About
Barry’s passion for plants, particularly flowers, began at the same time as his first
memories. He toddled around the garden after his mother learning which weeds
to pull, the names of his favourite flowers and marvelling at their variety in form,
colour and fragrance.
In his teenage years Barry was an avid tramper and developed a botanical interest
in New Zealand’s unique flowering plants. “We have the world’s biggest fuchsia,
a tree up to four metres, which towers above the world’s smallest fuchsia, an
elegant groundcover. The snowy white clematis festooning the forest canopy in
spring is always a pleasure, as is our New Zealand Christmas tree, pohutukawa,
which flowers in a blaze of scarlet right on target. Flowers of the golden kowhai
are a knock-out in late spring. We claim several unique small orchids and, in the
off-shore Chatham Islands, the world’s largest, and most intensely blue, forgetme-
not.”
It was logical that Barry would train as a florist and, in doing so, his knowledge
of flowers and botany grew. He opened Barry’s Flower Shop in Christchurch, aged
22, had a radio programme, Doing flowers with Barry Ferguson, aged 23 and gave
classes in floral art.
But he was not always content in provincial New Zealand.

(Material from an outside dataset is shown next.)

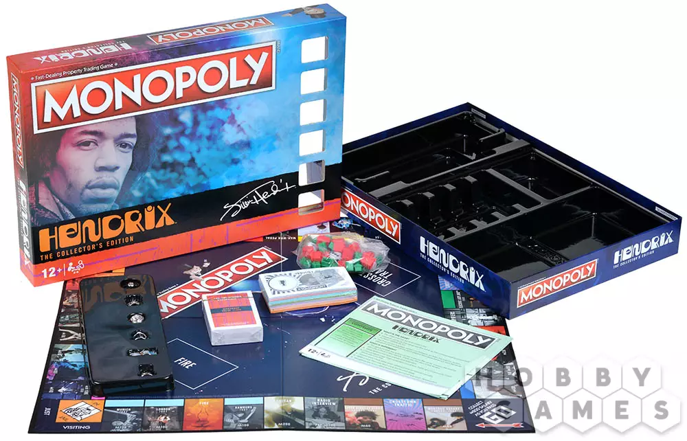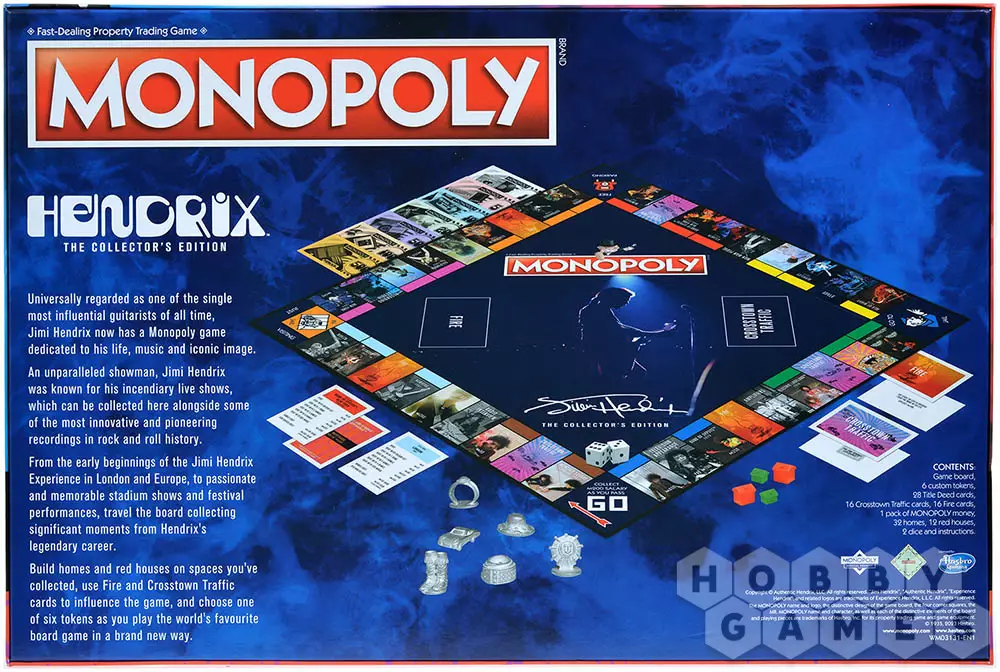 Погрузитесь в атмосферу рока прошлого века в этой уникальной версии Монополии, посвящённой легенде гитары – Джими Хендриксу. Игровое поле станет вашим путеводителем по важным моментам из жизни этого великого артиста, начиная с его скромных начинаний в подвале на улице Монтегю, и заканчивая выступлениями перед огромными толпами и записью лучших рок-альбомов в истории.

He wondered if he
would ever see rhododendrons flowering in the Himalayas, bromeliads in the
rainforest of Brazil and the surreal cactus of Mexico’s dry deserts.

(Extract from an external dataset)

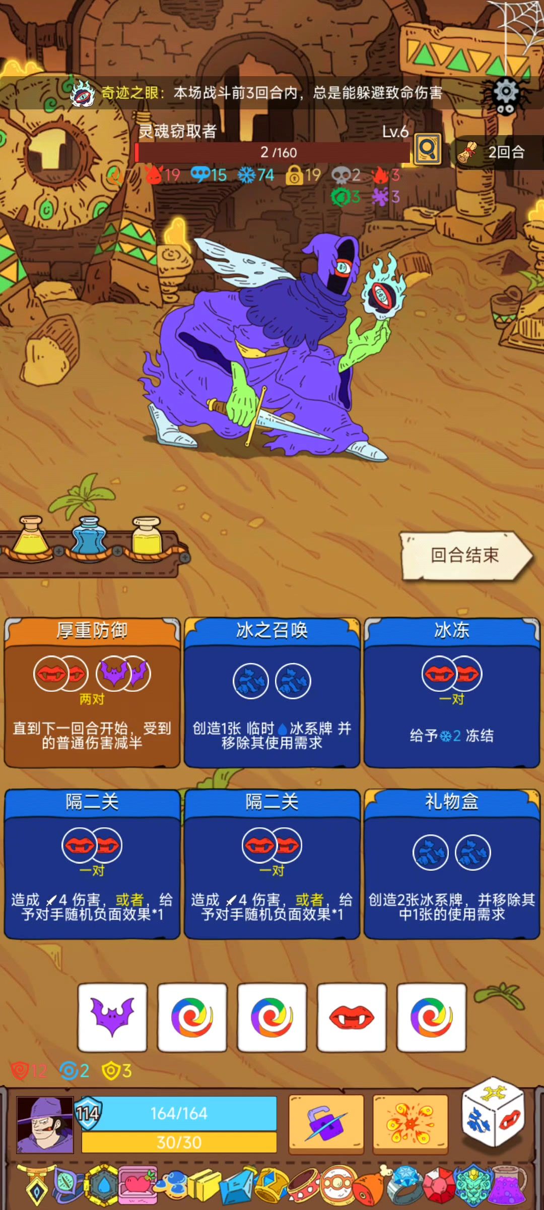 隐藏boss--暗元素之神 开局扔你手牌,还给你一堆中毒和2层诅咒,中毒还扣怒气值, 但是有什么话跟我的粉宝石说去吧,而且我用“新手炼金”还刷出了一个免疫诅咒的临时装备,还有20%的概率复制手牌的“神奇腰带” 到了我的回合,只要能打出“土灵术”基本就稳了,直接跟上“地震”跟“子弹泡泡”打伤害,而且还有一定概率用“神器腰带”刷出手牌(我其中一个回合砸了4发地震跟3

Barry left New Zealand in 1962 with a one way ticket to the world. He wanted
to see what grew along the road side, in farmers’ fields and foreign forests. He
especially wanted to visit classic gardens of the old world and get first-hand
experience of new and different approaches to garden design and floral art.
A job offer in New York opened exciting challenges. Barry loved all the Big Apple
had to offer. With hard work, creativity and charm he soon had his own company,
J Barry Ferguson Flowers Ltd, and designed gardens and floral installations for
special events. David Rockefeller, Horst, Billy Joel, Malcom Forbes, Steven
Spielberg and many others of the New York high-fliers were his clients.
Never one to relax for long, when New York was frozen over, Barry joined
botanical tours to extraordinary places; Madagascar, Bhutan, China, South Africa
and, very often, to his beloved New Zealand.
After 32 years in full-on New York, a heart attack told him it was time to slow
down and go home. He returned to New Zealand and began creating an extensive
garden, filled with his favourite flowers, in Mahurangi, north of Auckland.
Barry is a marvellous raconteur and Flowers are my Passport is a pacey romp
through his life and his world of flowers.